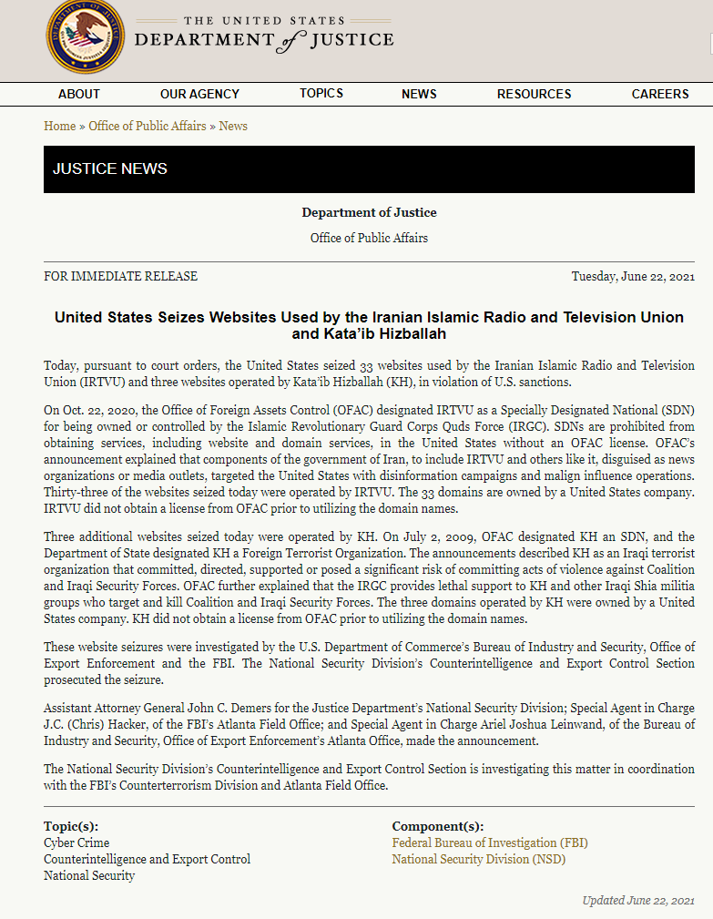 The seizures were in accordance with court orders as US companies owned the domains, said a statement issued by the US Department of Justice (DoJ) on June 22. According to the statement, Iranian government components, including IRTVU and others, used the websites in disguise of news organizations or media outlets to target the US with disinformation campaigns and malign influence operations.
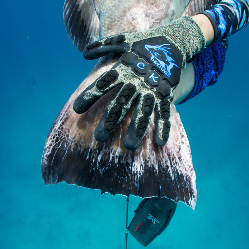 The BAMF Lobster gloves were developed thanks to a collaboration between Headhunter Spearfishing and Cameron Kirkconnell. The gloves are made from a woven Kevlar with industrial cut resistance. The grip was designed to work well with pole spears, Hawaiian slings, and spear guns alike. All of the lobster gloves (excluding the XS) have a flexible rubber over-molding on the topside of the glove to protect against, sharp rocks, lobster, and fish gills. This glove offers a combination of great dexterity and protection and comes in a variety of sizes ranging from XS to XXL.
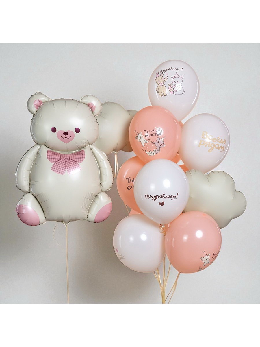 Воздушный шар фольгированный 35""Мишка с бантом", FALALI, Китай

(Your instructions): In the copy, include no pictures; everything else in the material should be written out exactly.

(Response area):
 The seizures were in accordance with court orders as US companies owned the domains, said a statement issued by the US Department of Justice (DoJ) on June 22. According to the statement, Iranian government components, including IRTVU and others, used the websites in disguise of news organizations or media outlets to target the US with disinformation campaigns and malign influence operations.
 The BAMF Lobster gloves were developed thanks to a collaboration between Headhunter Spearfishing and Cameron Kirkconnell. The gloves are made from a woven Kevlar with industrial cut resistance. The grip was designed to work well with pole spears, Hawaiian slings, and spear guns alike. All of the lobster gloves (excluding the XS) have a flexible rubber over-molding on the topside of the glove to protect against, sharp rocks, lobster, and fish gills. This glove offers a combination of great dexterity and protection and comes in a variety of sizes ranging from XS to XXL.
 Воздушный шар фольгированный 35""Мишка с бантом", FALALI, Китай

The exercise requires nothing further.